Predictive models of periodontitis on bacterial vaginosis patients

In the crude model (model 1), the association of PD with BV was statistically significant [odds ratio (OR) = 1.69, 95% confidence interval (CI): 1.09–2.61 for PD; OR = 2.37, 95% CI: 1.30–4.29 for severe PD] (Table 3). Also, the fully adjusted models with age, smoking habits, BMI, diabetes mellitus and number of systemic conditions confirmed a significant association (OR = 1.71, 95% CI: 1.06–2.76 for PD; OR = 2.21, 95% CI: 1.15–4.25 for severe PD) (Table 3).

Table 3.

Odds ratios (OR) and correspondent 95% confidence intervals (CI) towards bacterial vaginosis, according to the periodontal status, calculated within binary logistic regression analyses for different adjustment levels.

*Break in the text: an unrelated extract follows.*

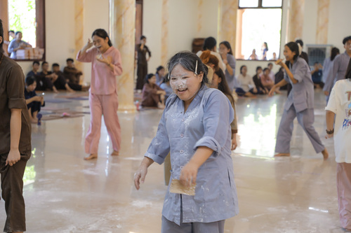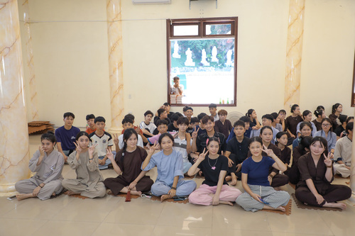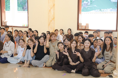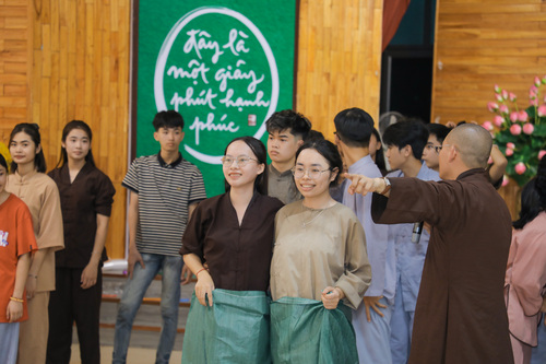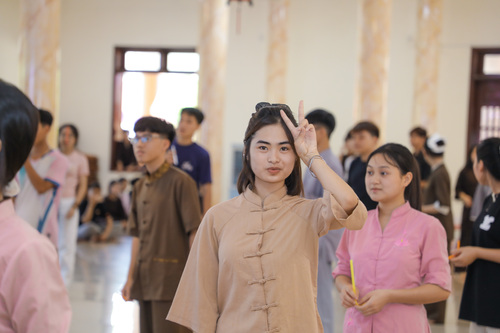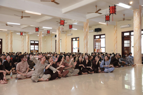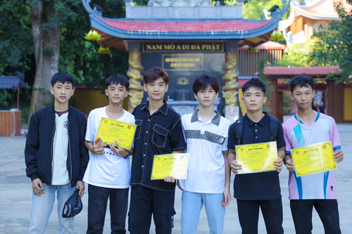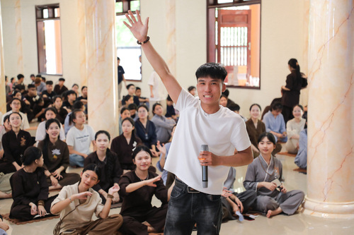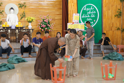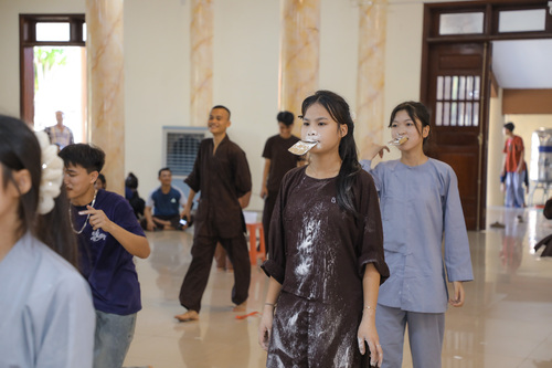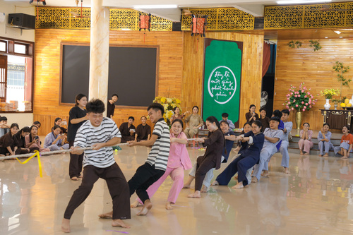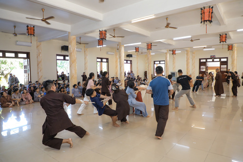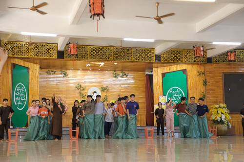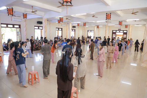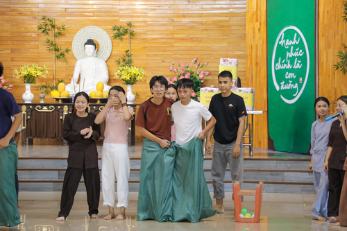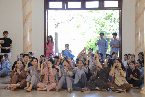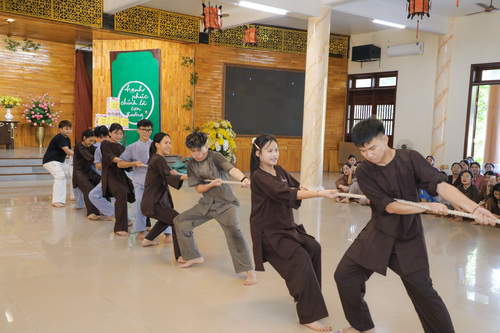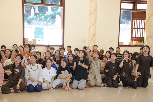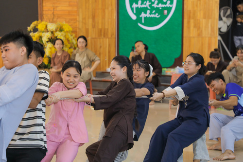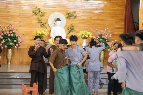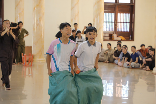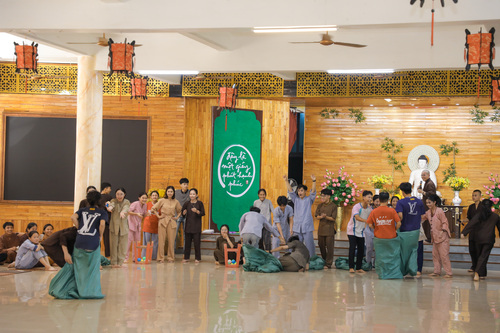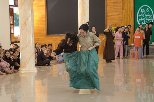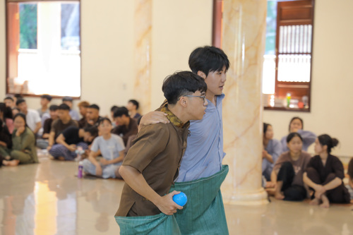 Thế nhưng, khóa tu không chỉ dừng lại ở sự tĩnh tâm. 14h chiều, sau thời khóa hồi hướng công đức của mình. Bầu không khí tại chùa Cổ Am bỗng trở nên vô cùng rộn ràng. Thay vì chia tay, các bạn được tham gia vào một ngày hội gia đình đặc biệt. Từng nhóm nhỏ, với những thành viên được phân sẵn, đã cùng nhau phá tan sự e ngại ban đầu, hòa mình vào tiếng cười giòn tan trong các trò chơi tập thể. Đây không chỉ là những phút giây vui đùa, mà còn là cơ hội để gắn kết, để thấu hiểu và để tình cảm trở nên chân thành hơn bao giờ hết.

Periodontitis OR (95% CI) Severe periodontitis OR (95% CI)
Model 1 1.69 (1.09–2.61)* 2.37 (1.30–4.29)**
Model 2 1.76 (1.13–2.74)* 2.52 (1.37–4.63)**
Model 3 1.66 (1.04–2.65)* 2.29 (1.21–4.33)*
Model 4 1.67 (1.04–2.69)* 2.14 (1.12–4.09)*
Model 5 1.68 (1.04–2.70)* 2.16 (1.13–4.12)*
Model 6 1.71 (1.06–2.76)* 2.21 (1.15–4.25)*

Model 1, unadjusted model; Model 2, includes adjustment for age; Model 3, includes adjustment for age and smoking habits; Model 4, includes adjustment for age, smoking habits and BMI; Model 5, includes adjustment for age, smoking habits, BMI and diabetes mellitus; Model 6, includes adjustment for age, smoking habits, BMI, diabetes mellitus and number of systemic diseases (excluding diabetes). Statistically significant: *p < 0.05; **p < 0.01; ***p < 0.001.

Discussion

We aimed to investigate whether BV and PD were associated in a representative nationwide sample of women Americans. Our results support our initial hypothesis of a possible link between BV and PD. Women with BV had higher prevalence of PD, levels of periodontal inflammation, percentage of active smokers and average BMI. Also, women with BV and PD presented significantly more systemic inflammation than those with healthy periodontium.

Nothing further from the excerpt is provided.